The Political Worlds of Slavery and Freedom PDF Author: Steven Hahn
Publisher: Harvard University Press
ISBN: 0674032969
Category : History
Languages : en
Pages : 267

Book Description
Steven Hahn opens our eyes to the scope of African American contributions to American political life in the nineteenth and twentieth centuries. He explores the slave emancipation process in the U.S., slave rebelliousness during the Civil War, and popular forms of black nationalism in the 20th century beginning with Garveyism.

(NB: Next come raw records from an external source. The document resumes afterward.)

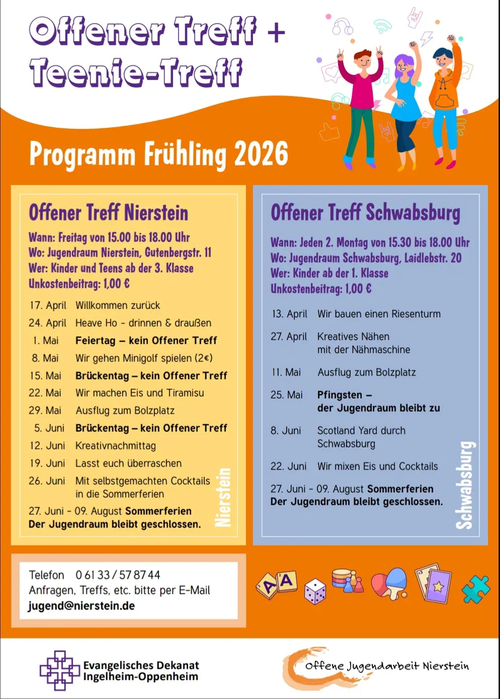 Die Angebote der Offenen Arbeit gliedern sich in den Offenen Treff, den Teenie-Treff, das Kinderprogramm, verschiedene Ferienprogamme sowie Angebote im Jugendraum Schwabsburg.
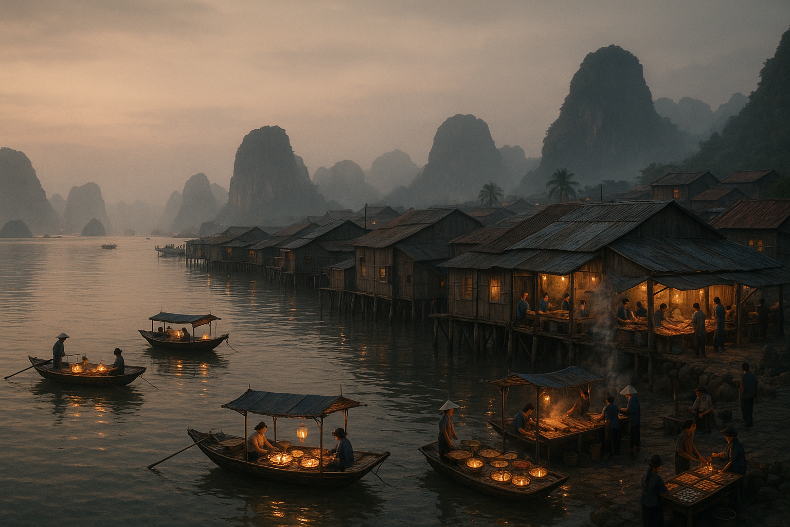 - The Cam Pha Night Market — The central market runs continuously, but its night configuration — lit by oil lamps and braziers, with a narrowed selection focused on prepared food, small goods, and perishables — has a distinct character from the daytime market. Visitors who arrive by evening ship find this the first and most memorable thing about Cam Pha.
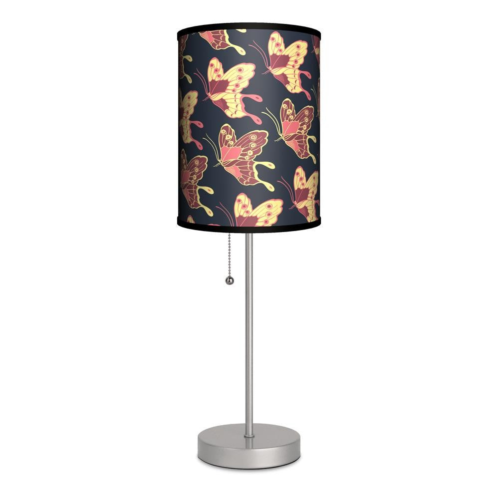 Black and bright this lamp will light up your space just right! The dark shade features a beautiful butterfly pattern with pretty colors and the slim stainless steel base allows the lamp to fit even in the tightest of spaces. Pull the cord to light up your room in beautiful butterfly style. Made in USA. Wipe clean with dry cloth. 13W light bulb not included.
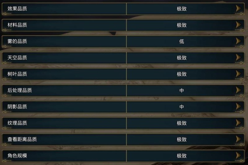 特效方面,“纹理品质”和“查看距离品质”的这俩可以拉高,其他根据自身配置保证可接受的帧数相应拉低。
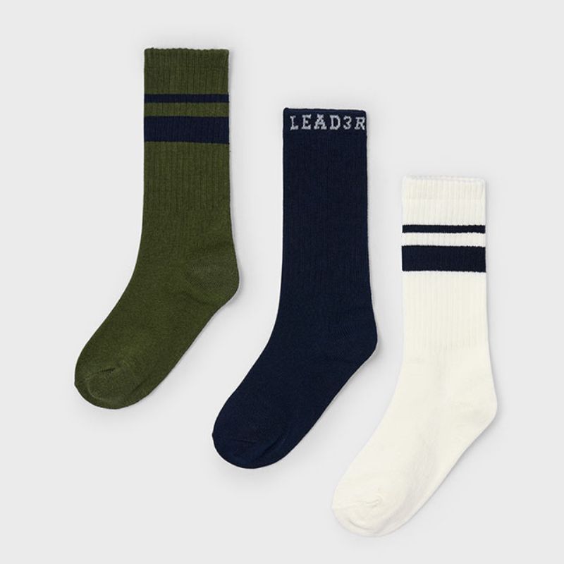 Το MAYORAL 10053 είναι ένα πρακτικό και χαριτωμένο σετ με 3 ζευγάρια παιδικές κάλτσες σε αποχρώσεις Λαδί Χακί με παιχνιδιάρικα σχέδια. Κατασκευασμένες από απαλό και ελαστικό βαμβακερό ύφασμα, προσφέρουν άνεση και σωστή εφαρμογή όλη την ημέρα.

Africa and Africans in the Making of the Atlantic World, 1400–1800

Africa and Africans in the Making of the Atlantic World, 1400–1800 PDF Author: John Thornton
Publisher: Cambridge University Press
ISBN: 113964338X
Category : History
Languages : en
Pages :

Book Description
This book explores Africa's involvement in the Atlantic world from the fifteenth century to the eighteenth century. It focuses especially on the causes and consequences of the slave trade, in Africa, in Europe, and in the New World. African institutions, political events, and economic structures shaped Africa's voluntary involvement in the Atlantic arena before 1680. Africa's economic and military strength gave African elites the capacity to determine how trade with Europe developed. Thornton examines the dynamics of colonization which made slaves so necessary to European colonizers, and he explains why African slaves were placed in roles of central significance. Estate structure and demography affected the capacity of slaves to form a self-sustaining society and behave as cultural actors, transferring and transforming African culture in the New World.

Eighty-eight Years

Eighty-eight Years PDF Author: Patrick Rael
Publisher: University of Georgia Press
ISBN: 0820333956
Category : Föreneta staterna
Languages : en
Pages : 415

Book Description
Why did it take so long to end slavery in the United States, and what did it mean that the nation existed eighty-eight years as a “house divided against itself,” as Abraham Lincoln put it? The decline of slavery throughout the Atlantic world was a protracted affair, says Patrick Rael, but no other nation endured anything like the United States. Here the process took from 1777, when Vermont wrote slavery out of its state constitution, to 1865, when the Thirteenth Amendment abolished slavery nationwide. Rael immerses readers in the mix of social, geographic, economic, and political factors that shaped this unique American experience. He not only takes a far longer view of slavery's demise than do those who date it to the rise of abolitionism in 1831, he also places it in a broader Atlantic context. We see how slavery ended variously by consent or force across time and place and how views on slavery evolved differently between the centers of European power and their colonial peripheries—some of which would become power centers themselves. Rael shows how African Americans played the central role in ending slavery in the United States. Fueled by new Revolutionary ideals of self-rule and universal equality—and on their own or alongside abolitionists—both slaves and free blacks slowly turned American opinion against the slave interests in the South. Secession followed, and then began the national bloodbath that would demand slavery's complete destruction.